The results, which clearly show better results for the post-partal time frame, are consistent with the findings in [20]. Although using pre-partal data seems desirable with respect to early detecting, the results indicate that the difference is more distinct post partum as all considered performance measures are the highest for Experiment 4.

Moreover, when comparing the difference w.r.t to the inclusion of location data, the results are slightly better when excluding the location data for both times frames, which is surprising given the statistically significant differences between healthy and sick cows as described in Section 3.1.

The percentage of correctly identified sick animals (=Sensitivity) varies from 63.2%–67.0% while the ratio of correctly identified healthy animals (=Specificity) varies from 59.3%–73.6%. The Negative Predictive Value is very high for all experiments (0.91%–0.92) but should be treated with caution as it is highly affected by an imbalanced data structure. As described in Table 1, we are dealing with an imbalanced class structure.

When looking at the results from Experiment 4, we see that more than two-thirds of the sick animals were detected correctly, while nearly 75% of the healthy animals were labelled correctly. Due to the imbalanced prevalence of class labels, estimating “sick” for a data set is only correct for about 32%, as can be seen by inspecting the precision, which still leaves room for improvement.

The algorithm proposed in Section 2.4 can be easily adjusted to include more individuals being classified as sick, useful e.g., when assuming the algorithm as a first “selection”. For that, we can learn a threshold in Naive Bayes such that a certain percentage of “sick” training examples is classified correctly. Moreover, we can only filter data-sets in the first step where all five NCC were decided for the same class label, which leaves possibly more examples without a definitive decision.

3.3. Parameters and Relevant Features Learned

As we estimated the classification quality in a cross validation scheme, we repeatedly selected possibly different subset of features. We state the results as we assume these choices reflect the relevance of the respective features. As we distinguish between two experiments each, where we either included or excluded location features, we have a total of 20 feature selection procedures for both scenarios.

Figure 10 shows that the amount of times a feature was chosen varies greatly, as it ranges from 3 up to 19. NEFA was chosen in 19 out of 20 splits, an indicator of its relevance for detecting SCK. Moreover, all BCS and BFT values were chosen in more than a third of all splits. The three least chosen features are all based on location.
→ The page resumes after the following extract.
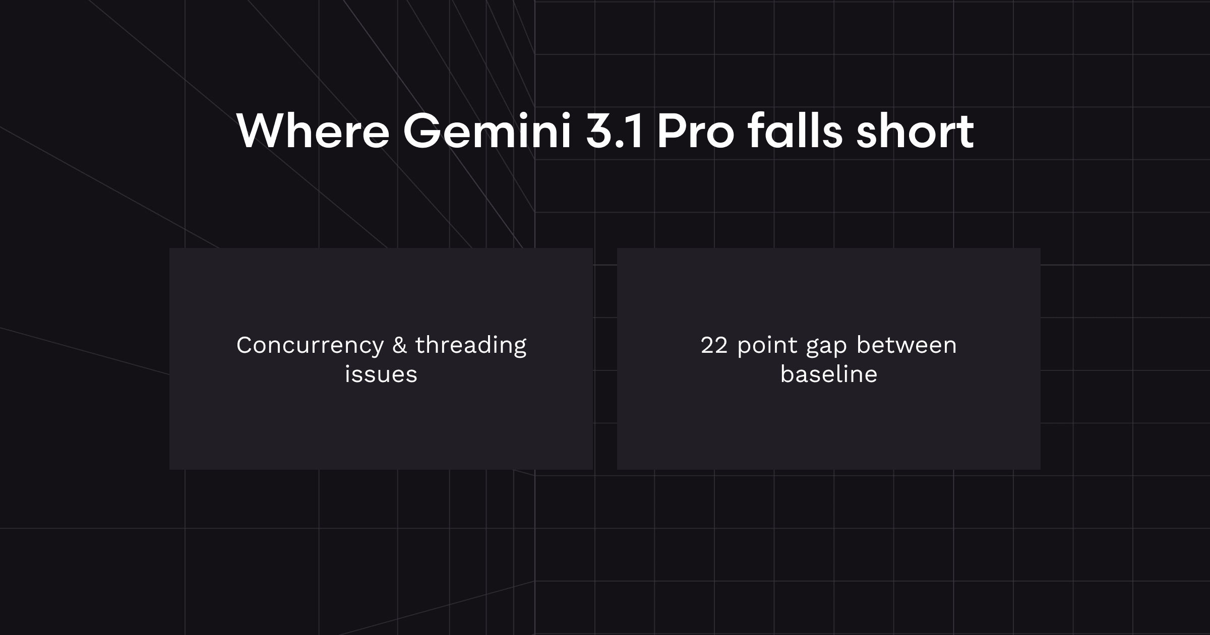 Concurrency and threading (56% vs 78% on 9 EPs): This is the critical gap. Nine error patterns covered concurrency bugs, lock misuse, timing dependencies, race conditions, livelock. Gemini detected 5; Baseline detected 7. The 22-point gap on the dominant category in this dataset is what drives the coverage difference.

Figure 11 shows that, also when excluding the location features, the amount of times a feature was chosen varies greatly from 3 up to 16. NEFA was chosen in 16 out of 20 splits, followed by THI, Milkyield and BCS -3 w. Based on this observation, the Parity and Max f/p ratio can be considered as having low relevance.

4. Discussion

In this article, we presented results from a study to identify indicators for subclinical ketosis in dairy cows around calving. Moreover we constructed an algorithm, which aims for estimating the health status.
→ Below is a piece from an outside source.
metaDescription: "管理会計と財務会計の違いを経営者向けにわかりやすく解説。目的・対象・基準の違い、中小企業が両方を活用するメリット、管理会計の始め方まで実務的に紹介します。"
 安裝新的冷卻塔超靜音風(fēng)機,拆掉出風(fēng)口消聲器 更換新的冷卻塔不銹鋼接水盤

We included a statistical comparison of different parameters, based on milk yield and components, animal movements within the barn, ambient temperature, and on visual observation. The results showed significant differences in 13 of the examined parameters between healthy cows and ones suffering from SCK. A literature review showed that our results partly corroborate the conclusions from other studies.

In a second step, we introduced a flexible machine learning approach, which combines elements of TSC with classical feature based algorithms. It is designed to be simple, interpretable, and flexible with respect to data availability. The results show that our approach is a promising first step for automatic recognition of diseases in dairy cows.

Future work will include more elaborate machine learning approaches to tackle the problem of early detection of SCK.